NVIDIA / open-gpu-kernel-modules

NVIDIA Linux open GPU kernel module source
Other
15.06k stars 1.25k forks source link

Suboptimal power management at idle #314

Open zaltysz opened 2 years ago

zaltysz commented 2 years ago

NVIDIA Open GPU Kernel Modules Version

515.57

Does this happen with the proprietary driver (of the same version) as well?

No

Operating System and Version

Gentoo

Kernel Release

5.18.8 (custom)

Hardware: GPU

NVIDIA GeForce RTX 3080

Describe the bug

Open driver has higher idle power usage than proprietary one. 44W vs 22W

nvidia-smi with proprietary driver reports: Clocks Graphics : 0 MHz SM : 0 MHz Memory : 405 MHz Video : 555 MHz Voltage Graphics : 0.000 mV

nvidia-smi with open driver reports: Clocks Graphics : 210 MHz SM : 210 MHz Memory : 405 MHz Video : 555 MHz Voltage Graphics : 750.000 mV

To Reproduce

I just have to switch from proprietary to open driver and run nvidia-smi to see the difference.

Bug Incidence

Always

nvidia-bug-report.log.gz

Can't share without sanitization and there is a lot to review.

More Info

I am using this card only for compute. It has connected display, but it isn't being used (excluded from Xorg, nvidia-smi reports Display Mode/Active as disabled), display is being driven by other card. Driver persistence is enabled.

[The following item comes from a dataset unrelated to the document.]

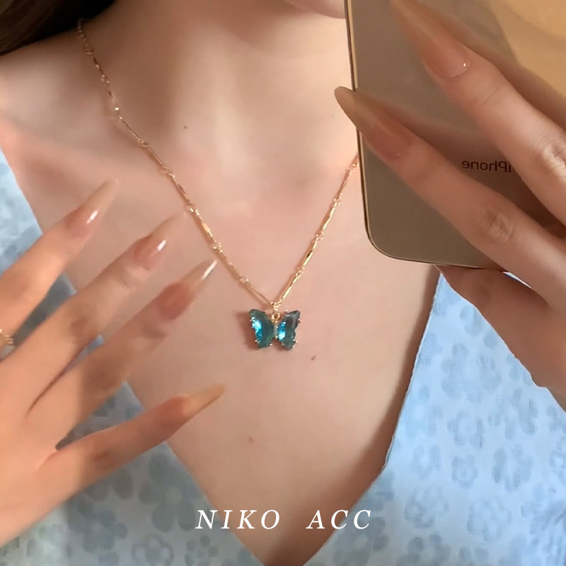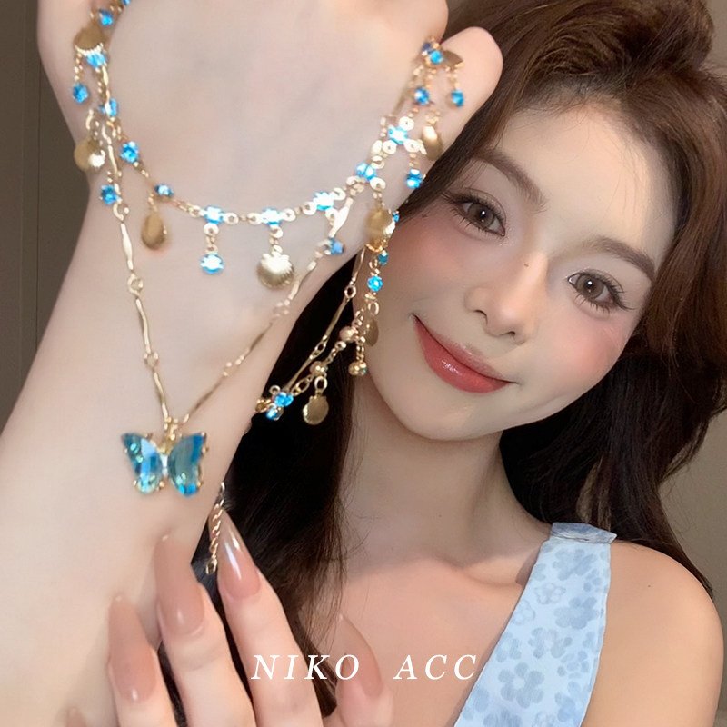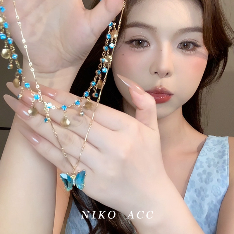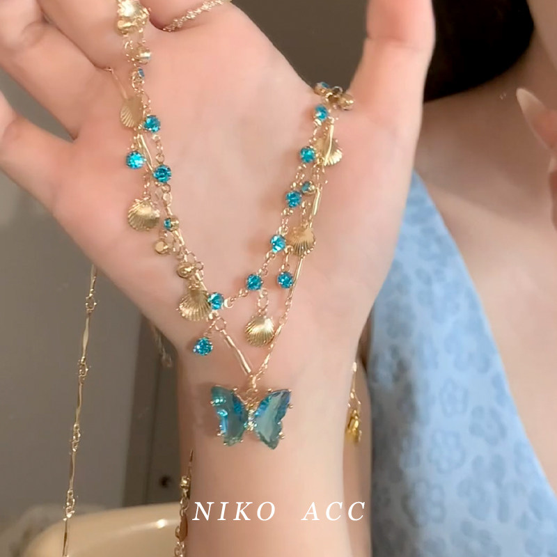 这个夏天~蓝色锆石贝壳流苏蝴蝶项链女绝美双层颈链高级感锁骨链
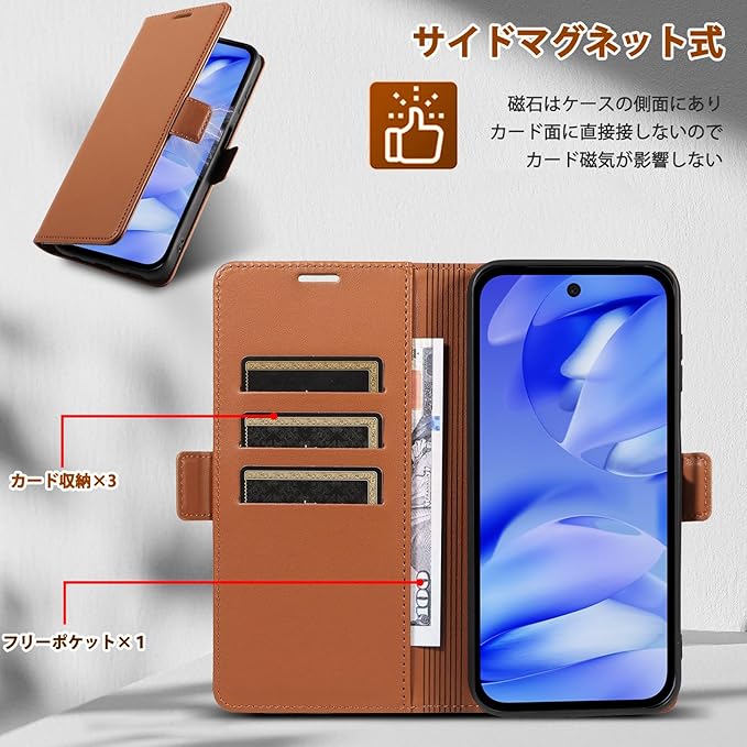 4.【カードポケット付き】Google Pixel 9a 対応のスマホケース。背面にカードポケット3箇所と紙幣用ポケット1箇所を装備し、財布代わりとしてもご利用いただけます。収納機能:✅ 交通系ICカード(SUICA/PASMO)、✅ クレジットカード・ポイントカード、✅ 名刺・定期券・運転免許証、✅ メモ用紙・小銭(サイドポケット)。利便性:・薄型設計でポケット収納に最適、・ビジネスから日常使いまで多用途対応、・通勤/買い物など短時間の外出に便利。※ 側面には現金も少し収納することができます。

vans163 commented 2 years ago

In my case no displays are connected to any cards.

I have a thread on NVIDIA forums with similar issue. https://forums.developer.nvidia.com/t/idle-power-usage-stuck-at-10-20watts-after-running-an-app/217520.

Cards should be using 4w in proper idle (one of my cards randomly achieves that).

mtijanic commented 2 years ago

Hi @zaltysz ,

Does this happen with the proprietary driver (of the same version) as well?

No

Per the open driver readme, power management is still not implemented in this codebase / the GSP driver model. The initial release is only targeting data center use-cases for production, and this is not considered a critical feature there.

We really appreciate you testing the new open drivers, but for the sake of your electricity bill maybe best to switch over to the proprietary one when the GPU needs to run at idle for longer periods of time. Or, just unload the driver and let the GPU shut down fully.

Power management (and everything else for full parity with the proprietary driver) will come in one of the future major releases. For now, tagging this issue as Feature Pending. Thanks for the report!

birdie-github commented 2 years ago

Could be a duplicate of #295

BlueGoliath commented 2 years ago

How is nvidia-smi reporting the voltage? NVML only supports voltage readings for S-class units.

Sorry for the irrelevant question, but this is the first time I've seen a consumer GPU report that.